Evaluation of Haemophilus influenzae Type B Conjugate Vaccine (Meningococcal Protein Conjugate) in Canadian Infants

David W Scheifele, Gordean L Bjornson, William G Meekison, Roland Guasparini, and Leslie A Mitchell

Vaccine Evaluation Center, BC’s Children’s Hospital and the University of British Columbia, Vancouver, Canada

Received 8 June 1993; Accepted 6 October 1993

Copyright © 1994 Hindawi Publishing Corporation. This is an open access article distributed under the Creative Commons Attribution License, which permits unrestricted use, distribution, and reproduction in any medium, provided the original work is properly cited.

Abstract

Objective: To assess adverse effects and immune responses with a three-dose series of Haemophilus influenzae type b meningococcal protein conjugate (PedvaxHIB or Hib.OMP) vaccine, including any immunological response alterations from concurrent administration with routine vaccines for infants.
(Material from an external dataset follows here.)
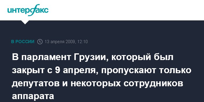 Москва. 13 апреля. INTERFAX.RU - Парламент Грузии, который был закрыт с 9 апреля, когда на площади перед его зданием на проспекте Руставели в центре Тбилиси начались массовые акции протеста, с понедельника начал работу в ограниченном режиме.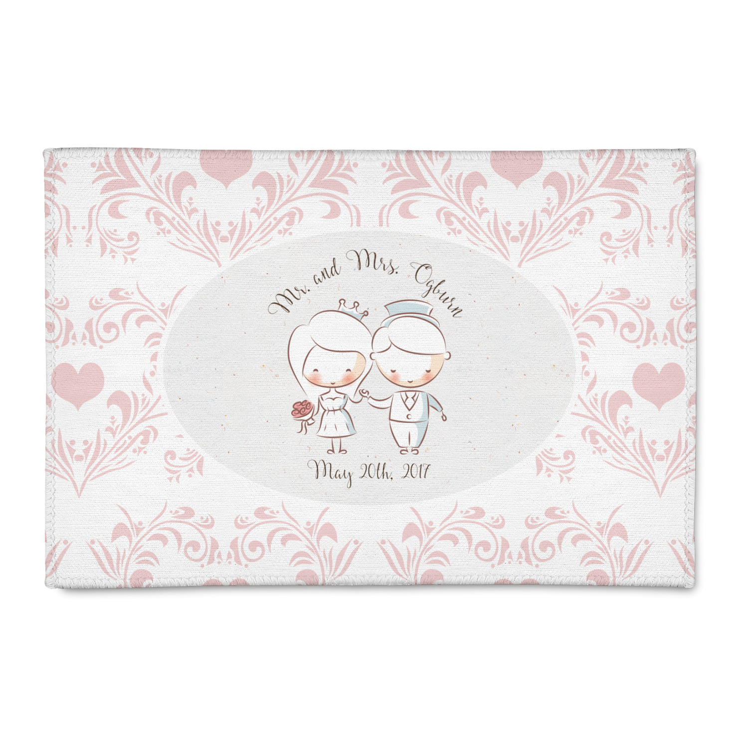 This design has an adorable bride and groom at the center of attention. They sit holding hands on a speckle textured off-white background. Above and below them is where the personalization goes, with the bride and groom's names and wedding date or whatever you choose. The textured background is a circle that surrounds the bride and groom while another background sits behind this circle. The secondary background is a white and light pink heart damask pattern, which looks adorable with the couples and their sweet rosy cheeks.

Design: Randomized, controlled trial with treatment group crossover for dose 3.

Setting: Two public health units near Vancouver.

Participants: One hundred and ten healthy infants eight to 14 weeks old were enrolled; 105 completed the study (95%).

Interventions: All participants received two doses of diphtheria-pertussis-tetanus (dpt) vaccine (at two and four months of age) and one dose of measles-mumps-rubella (mmr) vaccine at 12 months. In each instance, Hib.OMP was given either concurrently in another limb or after a delay of two weeks (after dpt) or four weeks (after mmr).

Main Outcome Measures: Adverse effects, particularly fever and local erythema, were monitored by parents for 72 h after each dose of Hib.OMP vaccine. Five blood samples were taken at prescribed intervals to assess responses to each dose of Hib.OMP and to selected other vaccine antigens.

Main Results: Follow-up was obtained after all 322 doses of Hib.OMP. Local adverse effects were infrequent and mild: 13% had redness, 17% tenderness. Systemic effects in those given Hib.OMP alone included fever in 8%, irritability in 29%. Anti-polyribose-ribitol phosphate (prp) responses to Hib.OMP were not impaired by coadministration with dpt or mmr vaccines, nor were tetanus or diphtheria antitoxin levels or rubella or measles response rates affected. After two doses of Hib.OMP, 92% were seropositive and 64% had greater than 1.0 μg/mL of anti-prp. After three doses, 100% were seropositive and 82% exceeded 1.0 μg/mL.

Conclusion: Hib.OMP vaccine was well tolerated, immunogenic and compatible with vaccines routinely given to infants in Canada.